ISERNIA – In occasione del Giorno della Memoria, il prossimo 27 gennaio 2026, la Prefettura di Isernia promuove un momento di riflessione e raccoglimento dedicato al ricordo delle vittime della Shoah e alla trasmissione della memoria alle nuove generazioni. L’iniziativa, dal titolo “Musica per non dimenticare la Shoah”, si terrà alle ore 10.30 presso l’Auditorium “X Settembre”.
L’evento è organizzato dal Prefetto Giuseppe Montella in collaborazione con il Comune di Isernia, l’Ufficio scolastico provinciale e la Pro Loco cittadina, e vedrà protagoniste due musiciste di fama internazionale: la violinista Alessandra Sonia Romano e la pianista e compositrice Sandra Conte.
Cuore del concerto sarà l’esibizione di Alessandra Sonia Romano con il celebre “Violino della Shoah”, strumento appartenuto a Eva Maria Levy, giovane violinista deportata e uccisa nel campo di sterminio di Auschwitz.
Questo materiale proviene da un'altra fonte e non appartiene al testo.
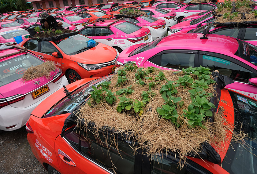 Nampak seperti perkara biasa, kecuali semua sayuran itu tumbuh di atas bumbung dan bonet ratusan teksi.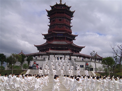 園博會開幕式后 閩臺島主體建筑杏林閣前。玻埃拔焕夏晏珮O拳愛好者表演太極拳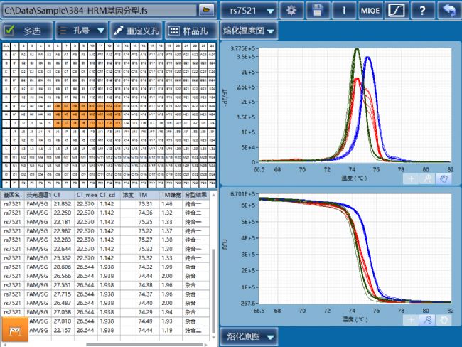 圖二為在福生生物的FS384 QPCR儀上用Touchdown PCR方法來擴(kuò)增,接著用高分辨率0.02°C 的HRM實(shí)現(xiàn)低成本的基因分型,圖中左下角的表列出了所有樣品孔,根據(jù)Tm值及其峰寬值正確判斷出每個(gè)樣品的分型結(jié)果。在這個(gè)實(shí)驗(yàn)中,兩個(gè)純合子的峰寬都小于1.5°C,而雜合子的峰寬在2°C左右。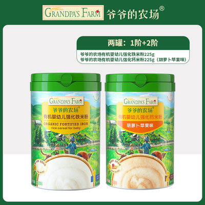 爷爷的农场 有机婴幼儿强化铁米粉 225g*2罐【1阶+2阶】(原味+胡萝卜苹果味)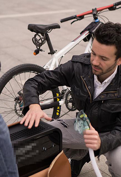 近日,有网友爆料称,在成都环球中心附近遇到一个老外,为了对抗雾霾,制作了一个便携式空气净化器,每天背着上下班。从图片上看,老外身上像是背了个方方正正的小型行李箱,一根管子拉出,上面接了个类似氧气面罩的东西,老外边骑车,边“吸氧”了。

Un violino carico di storia e dolore, riportato alla luce grazie al lavoro di ricerca del mecenate Carlo Alberto Carutti, che ne ha ricostruito il percorso umano e artistico, individuando in Romano l’interprete ideale e custode della sua memoria.
Per la violinista il concerto di Isernia assume anche un significato profondamente personale: figlia di padre isernino e madre di Macchiagodena, Romano torna simbolicamente alle proprie radici. Dal 2017, anno in cui il Consiglio regionale del Molise le ha conferito il riconoscimento di “Eccellenza Molisana nel Mondo”, l’artista porta il nome della sua terra sui palcoscenici internazionali, unendo musica e impegno culturale.
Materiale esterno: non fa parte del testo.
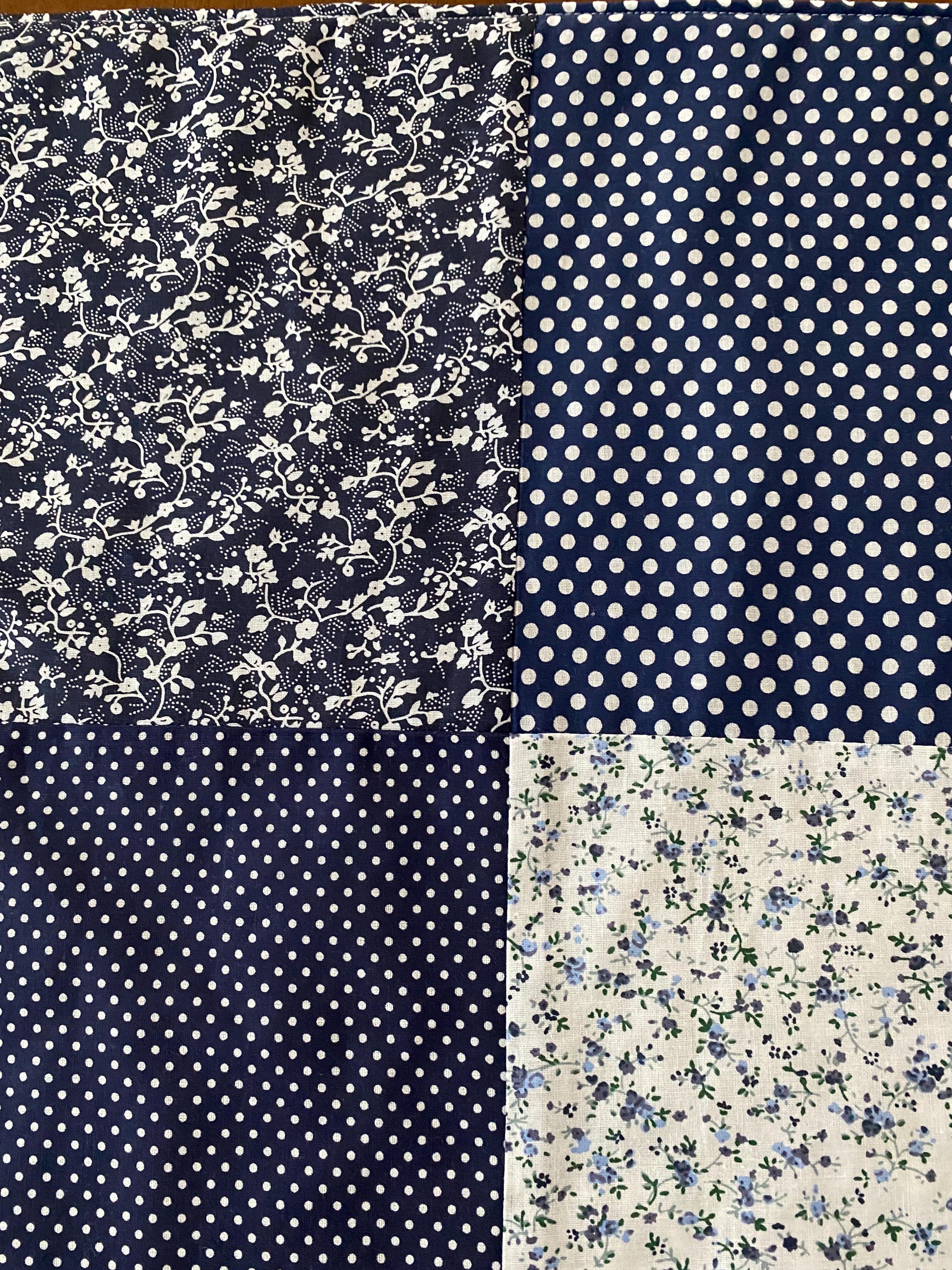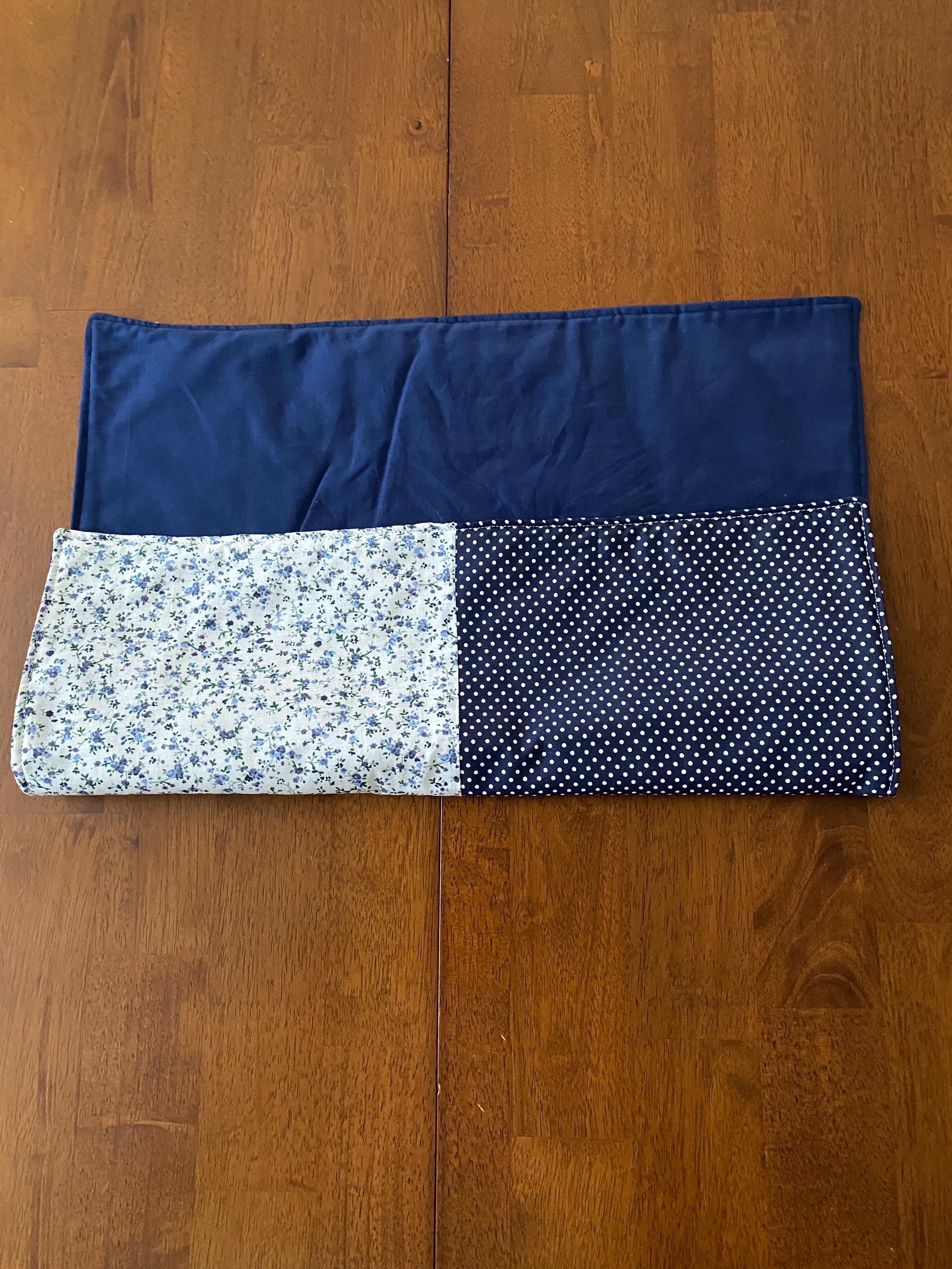 Handmade Baby Doll Quilted Blanket with Polka Dots and Flower Blocks Navy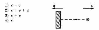 в этой системе со скоростью v, а зеркало — со скоростью и в противоположную сторону. С какой скоростью распространяется в этой системе отсчета свет, отраженный от зеркала?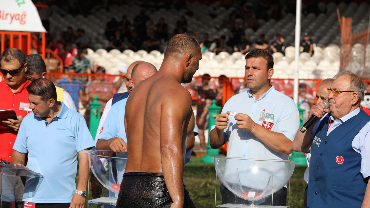 Müsabakalar kapsamında başpehlivanlık güreşlerinin son turu için başpehlivanlar kura çekimi için çayıra çağrıldı.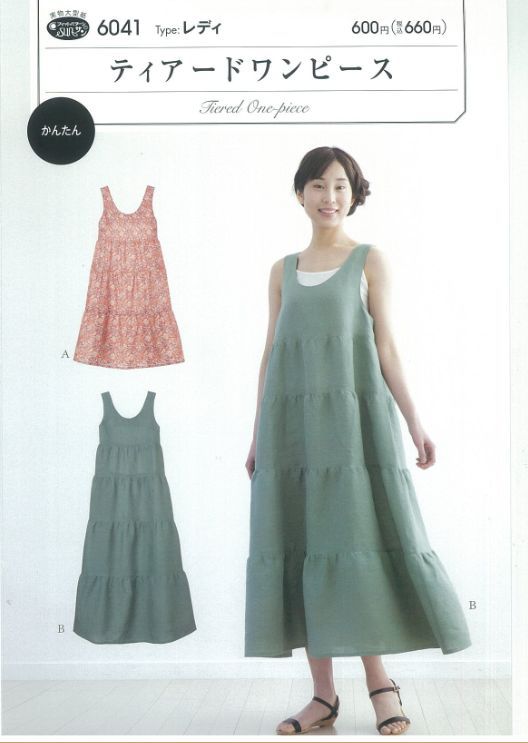 型紙 パターン ティアードワンピース No.6041 フィットパターンサン サンプランニング 大人 子供 ベビー 赤ちゃん 作り方 洋裁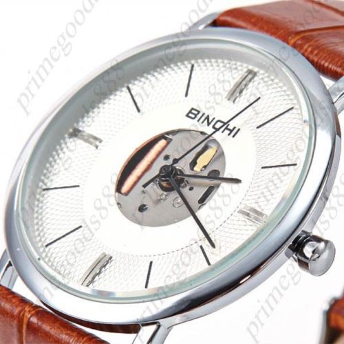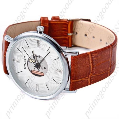Globe Genuine Leather Quartz Analog Wrist Free Shipping Men's Wristwatch Brown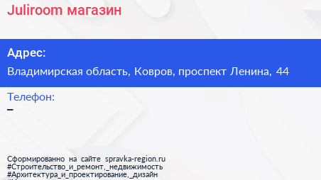Juliroom, магазин по адресу Владимирская область, Ковров, проспект Ленина, 44 в дальнейшем Организация, размещена в следующих категориях:

Accanto a lei, sul palco, la pianista Sandra Conte, docente al Conservatorio di Cuneo e artista apprezzata nei più importanti teatri del mondo, tra cui la Carnegie Hall di New York. La sua sensibilità verso il tema della Memoria si è espressa anche nella composizione “I bambini di Terezín”, con la quale ha vinto il concorso “Alma Rosé”, dedicata alla tragedia dei più piccoli nei campi di concentramento.
L’incontro tra le due musiciste darà vita a una performance di intensa forza emotiva e di rigoroso rispetto storico, in cui la musica diventa strumento di testimonianza, coscienza civile e dialogo con le nuove generazioni. Il concerto è aperto anche alla cittadinanza e rientra nel calendario delle iniziative promosse sul territorio in occasione del Giorno della Memoria.